Collected data entries:
+===+

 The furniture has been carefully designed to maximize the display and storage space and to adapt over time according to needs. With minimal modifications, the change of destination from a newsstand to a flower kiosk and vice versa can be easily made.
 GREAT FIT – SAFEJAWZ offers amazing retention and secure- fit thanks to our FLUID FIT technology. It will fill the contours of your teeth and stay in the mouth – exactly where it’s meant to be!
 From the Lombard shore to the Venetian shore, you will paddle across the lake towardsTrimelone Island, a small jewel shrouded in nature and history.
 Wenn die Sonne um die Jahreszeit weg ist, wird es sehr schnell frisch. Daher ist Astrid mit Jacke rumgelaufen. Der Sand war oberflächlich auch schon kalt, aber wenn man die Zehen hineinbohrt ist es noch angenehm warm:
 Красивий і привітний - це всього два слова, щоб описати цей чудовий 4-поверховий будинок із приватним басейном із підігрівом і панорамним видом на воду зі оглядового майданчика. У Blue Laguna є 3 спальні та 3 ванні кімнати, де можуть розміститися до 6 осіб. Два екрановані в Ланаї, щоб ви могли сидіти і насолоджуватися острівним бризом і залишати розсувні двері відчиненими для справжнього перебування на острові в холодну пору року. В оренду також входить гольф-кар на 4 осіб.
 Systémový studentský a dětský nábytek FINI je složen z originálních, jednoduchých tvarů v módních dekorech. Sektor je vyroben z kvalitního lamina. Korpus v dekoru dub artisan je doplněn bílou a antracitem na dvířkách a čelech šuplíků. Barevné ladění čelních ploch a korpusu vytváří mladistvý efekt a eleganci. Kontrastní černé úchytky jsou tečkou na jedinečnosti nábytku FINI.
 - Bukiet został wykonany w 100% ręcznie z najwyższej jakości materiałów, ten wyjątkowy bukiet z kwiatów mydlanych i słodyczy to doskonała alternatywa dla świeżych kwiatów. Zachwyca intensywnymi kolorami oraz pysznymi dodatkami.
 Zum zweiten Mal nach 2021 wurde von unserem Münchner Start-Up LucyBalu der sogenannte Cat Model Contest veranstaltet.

+===+

Set down each line from the line containing "- Bukiet został" through the final line of the data, exactly and with nothing added.

EXPECTED ANSWER:
 - Bukiet został wykonany w 100% ręcznie z najwyższej jakości materiałów, ten wyjątkowy bukiet z kwiatów mydlanych i słodyczy to doskonała alternatywa dla świeżych kwiatów. Zachwyca intensywnymi kolorami oraz pysznymi dodatkami.
 Zum zweiten Mal nach 2021 wurde von unserem Münchner Start-Up LucyBalu der sogenannte Cat Model Contest veranstaltet.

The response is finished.